Blustery solar wind may spark auroras across Canada tonight
Eyes to the sky for another chance to spy the Aurora Borealis lighting up the night!
An immense hole in the Sun's atmosphere is facing directly at us, and the high energy particles streaming out of it are about to wash over Earth, boosting our chances of spotting the Northern Lights stretching across the sky.
A few days ago, a large coronal hole rotated into view along the Sun's eastern limb.
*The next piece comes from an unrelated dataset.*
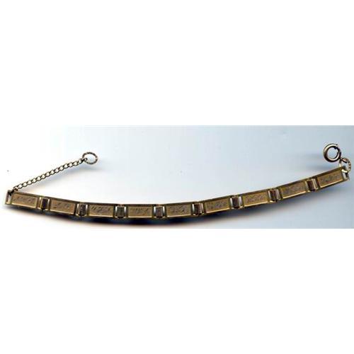 These sweetheart link bracelets have been around since the Victorian era. This one is 10KT Gold filled and probably dates to the 1940-50 era. The bracelet measures 8 1/4 inches long but the chain could be taken off to make this wearable on a smaller wrist. It has 9 links all with initials of friends or sweethearts. There is a plunger type clasp. The bracelet is in great condition and measures 1/4 inch wide. It is marked on the back, BOB-O-LINK, 1/20 10KT. Pat Applied
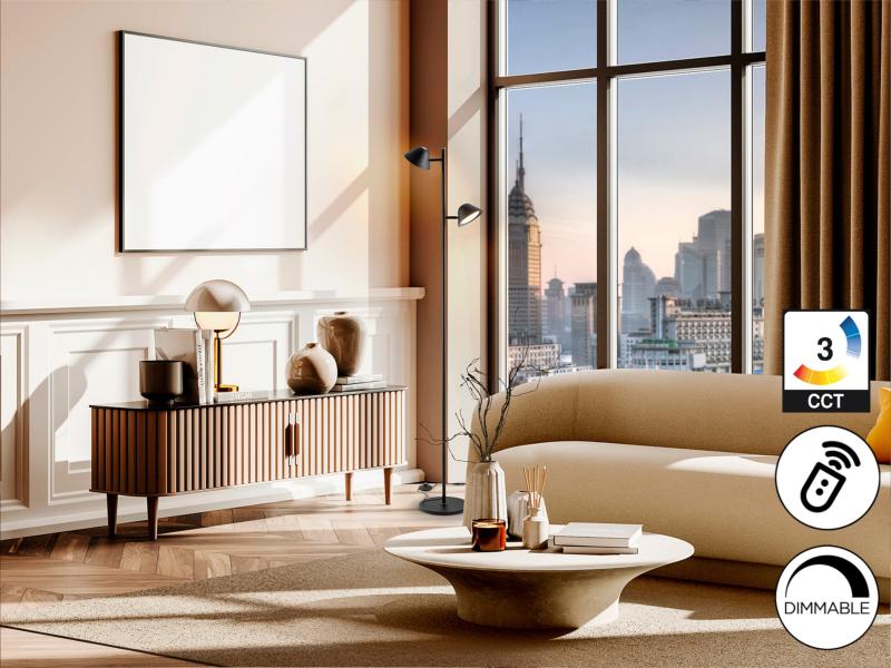 Lámpara de pie realizada en metal y alumnio, color negro mate, difusor opal. Pulsador táctil y CONTROL REMOTO. 2 luces orientables, funciones simultaneas e independientes: luz dimable, temperatura de color regulable. 20W LED, 1800 lm, CCT 3000-6500K.

Spanning an enormous region of the northern hemisphere, this gap in the Sun's local magnetic fields is now aimed directly at us, and emitting an intense stream of high energy solar particles into space.
The coronal hole, as imaged by the Solar Dynamics Observatory on April 16 (left), and a computer model showing the high speed stream of the solar wind emitted by this coronal hole reaching Earth on April 18 (right). (NASA SDO/NOAA SWPC)
Forecasters at NOAA's Space Weather Prediction Center have issued a geomagnetic storm watch as this 'coronal hole high speed stream' (CH HSS) approaches.
They expect G2 (moderate) storm levels to begin after 21 UTC on the 17th, and continue until 6 UTC on the 18th. That's the equivalent of the evening hours on Friday, April 17 until around 2 a.m. EDT on Saturday morning. A few hours of G1 conditions could persist afterward.
This timing favours the eastern half of Canada, although the aurora arc may remain too far north to be seen from regions of southwestern Ontario along the shores of Lake Erie.
Even as the geomagnetic storm weakens, though, auroras may be visible through the central Prairies overnight.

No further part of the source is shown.